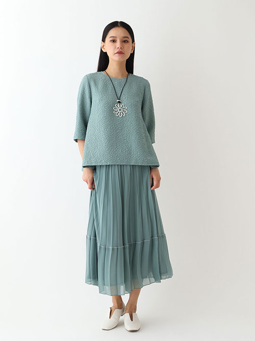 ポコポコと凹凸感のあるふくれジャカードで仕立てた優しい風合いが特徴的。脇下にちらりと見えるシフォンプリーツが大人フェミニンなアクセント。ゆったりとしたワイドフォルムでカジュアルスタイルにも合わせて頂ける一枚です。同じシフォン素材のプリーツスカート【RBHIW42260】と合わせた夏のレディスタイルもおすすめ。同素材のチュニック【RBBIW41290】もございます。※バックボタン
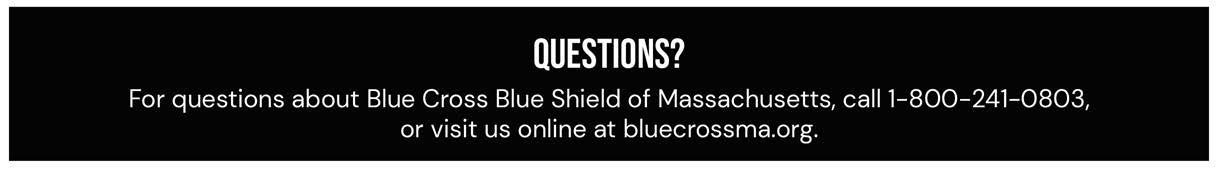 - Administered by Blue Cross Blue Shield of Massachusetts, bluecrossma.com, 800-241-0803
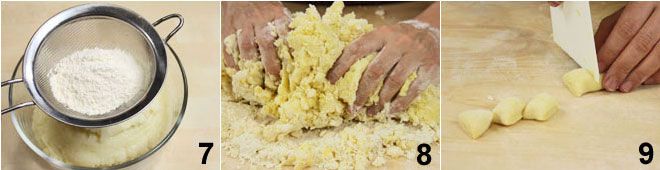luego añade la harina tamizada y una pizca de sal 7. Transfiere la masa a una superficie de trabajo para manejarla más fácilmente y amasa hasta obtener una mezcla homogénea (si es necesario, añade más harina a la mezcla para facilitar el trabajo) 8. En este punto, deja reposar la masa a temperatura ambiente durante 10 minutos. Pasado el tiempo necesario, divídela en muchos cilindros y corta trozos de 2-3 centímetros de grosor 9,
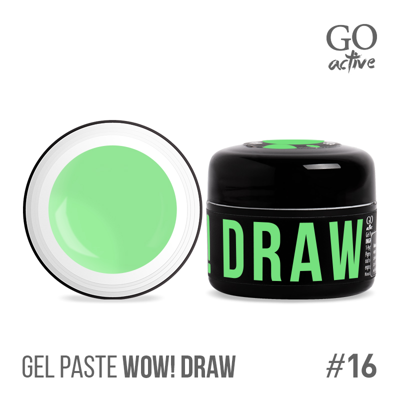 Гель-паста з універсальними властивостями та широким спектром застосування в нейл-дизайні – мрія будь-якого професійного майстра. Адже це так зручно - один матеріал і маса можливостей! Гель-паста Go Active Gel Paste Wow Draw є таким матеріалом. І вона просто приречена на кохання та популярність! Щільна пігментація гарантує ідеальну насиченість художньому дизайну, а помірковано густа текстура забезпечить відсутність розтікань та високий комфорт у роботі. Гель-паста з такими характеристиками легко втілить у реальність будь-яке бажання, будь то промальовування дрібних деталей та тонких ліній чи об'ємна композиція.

--

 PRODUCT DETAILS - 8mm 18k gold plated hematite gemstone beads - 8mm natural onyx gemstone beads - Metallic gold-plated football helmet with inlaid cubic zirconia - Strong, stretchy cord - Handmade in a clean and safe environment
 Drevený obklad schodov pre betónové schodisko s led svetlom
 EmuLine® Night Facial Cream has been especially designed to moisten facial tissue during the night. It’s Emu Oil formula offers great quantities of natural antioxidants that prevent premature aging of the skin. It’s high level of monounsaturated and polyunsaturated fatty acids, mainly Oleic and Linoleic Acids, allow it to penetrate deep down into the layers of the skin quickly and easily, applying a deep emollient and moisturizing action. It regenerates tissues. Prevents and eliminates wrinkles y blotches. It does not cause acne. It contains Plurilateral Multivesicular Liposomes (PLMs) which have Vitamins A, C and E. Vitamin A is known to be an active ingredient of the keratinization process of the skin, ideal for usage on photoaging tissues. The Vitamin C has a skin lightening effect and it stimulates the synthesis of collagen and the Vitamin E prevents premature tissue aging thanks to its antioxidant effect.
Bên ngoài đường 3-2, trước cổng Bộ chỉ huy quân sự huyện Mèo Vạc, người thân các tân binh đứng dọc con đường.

--

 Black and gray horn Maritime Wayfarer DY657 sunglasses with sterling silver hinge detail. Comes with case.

Required work → The answer is the lines above between the line holding "PRODUCT DETAILS - 8mm" and the line holding "Bên ngoài đường", inclusive, each written out exactly, and no others.

Reply →
 PRODUCT DETAILS - 8mm 18k gold plated hematite gemstone beads - 8mm natural onyx gemstone beads - Metallic gold-plated football helmet with inlaid cubic zirconia - Strong, stretchy cord - Handmade in a clean and safe environment
 Drevený obklad schodov pre betónové schodisko s led svetlom
 EmuLine® Night Facial Cream has been especially designed to moisten facial tissue during the night. It’s Emu Oil formula offers great quantities of natural antioxidants that prevent premature aging of the skin. It’s high level of monounsaturated and polyunsaturated fatty acids, mainly Oleic and Linoleic Acids, allow it to penetrate deep down into the layers of the skin quickly and easily, applying a deep emollient and moisturizing action. It regenerates tissues. Prevents and eliminates wrinkles y blotches. It does not cause acne. It contains Plurilateral Multivesicular Liposomes (PLMs) which have Vitamins A, C and E. Vitamin A is known to be an active ingredient of the keratinization process of the skin, ideal for usage on photoaging tissues. The Vitamin C has a skin lightening effect and it stimulates the synthesis of collagen and the Vitamin E prevents premature tissue aging thanks to its antioxidant effect.
Bên ngoài đường 3-2, trước cổng Bộ chỉ huy quân sự huyện Mèo Vạc, người thân các tân binh đứng dọc con đường.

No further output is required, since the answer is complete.